You are viewing a plain text version of this content. The canonical link for it is here.
Posted to issues@spark.apache.org by "Joseph K. Bradley (JIRA)" <ji...@apache.org> on 2016/03/04 18:49:41 UTC

[jira] [Commented] (SPARK-13048) EMLDAOptimizer deletes dependent checkpoint of DistributedLDAModel

    [ https://issues.apache.org/jira/browse/SPARK-13048?page=com.atlassian.jira.plugin.system.issuetabpanels:comment-tabpanel&focusedCommentId=15180241#comment-15180241 ] 
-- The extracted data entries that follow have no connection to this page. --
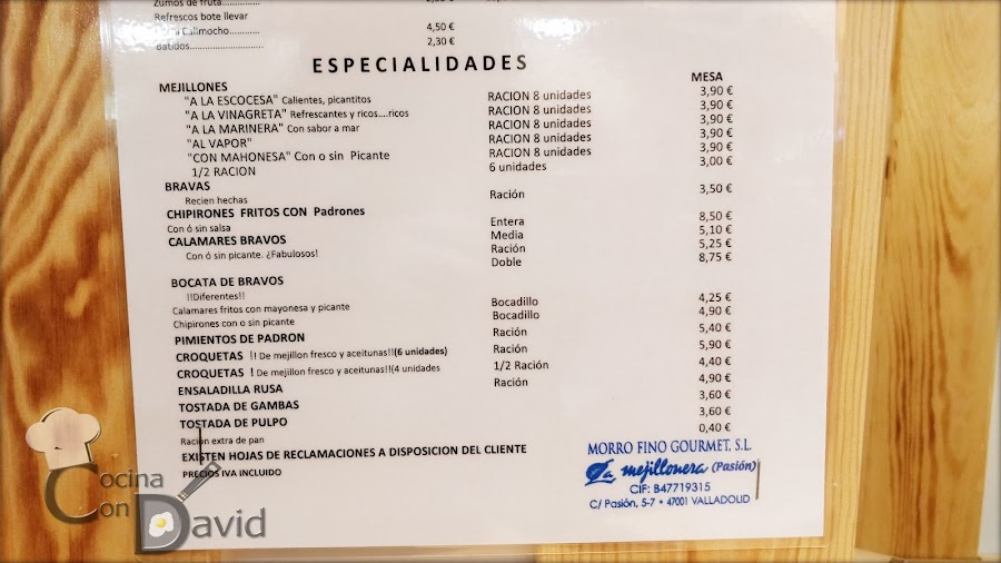 En La Mejillonera encontramos una carta sencilla, con raciones, tapas y sus especialidades. Tapas y raciones sencillas a precios económicos.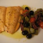 Salmon al horno con aceitunas negras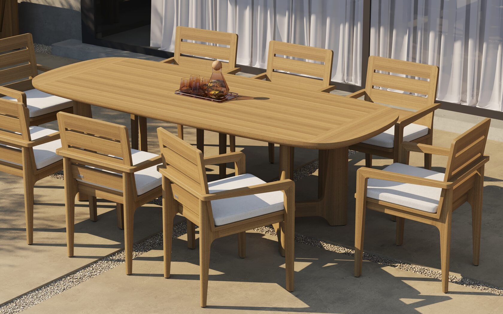 Для мягких элементов коллекции Merritt используются специализированные уличные ткани, устойчивые к ультрафиолету, влаге и загрязнениям. Ткани сохраняют насыщенность цвета даже под палящим солнцем и легко очищаются, что делает их идеальным выбором для лаунж-зон, террас и садов.

Joseph K. Bradley commented on SPARK-13048:
-------------------------------------------

I'd say the best fix would be to add an option to LDA to not delete the last checkpoint.  I'd prefer to expose this as a Param in the spark.ml API, but it could be added to the spark.mllib API as well if necessary.

[~holdenk]  I agree we need to figure out how to handle/control caching and checkpointing within Pipelines, but that will have to wait for after 2.0.

[~jvstein]  We try to minimize the public API.  Although I agree with you about opening up APIs in principal, it have proven dangerous in practice.  Even when we mark things DeveloperApi, many users still use those APIs, making it difficult to change them in the future.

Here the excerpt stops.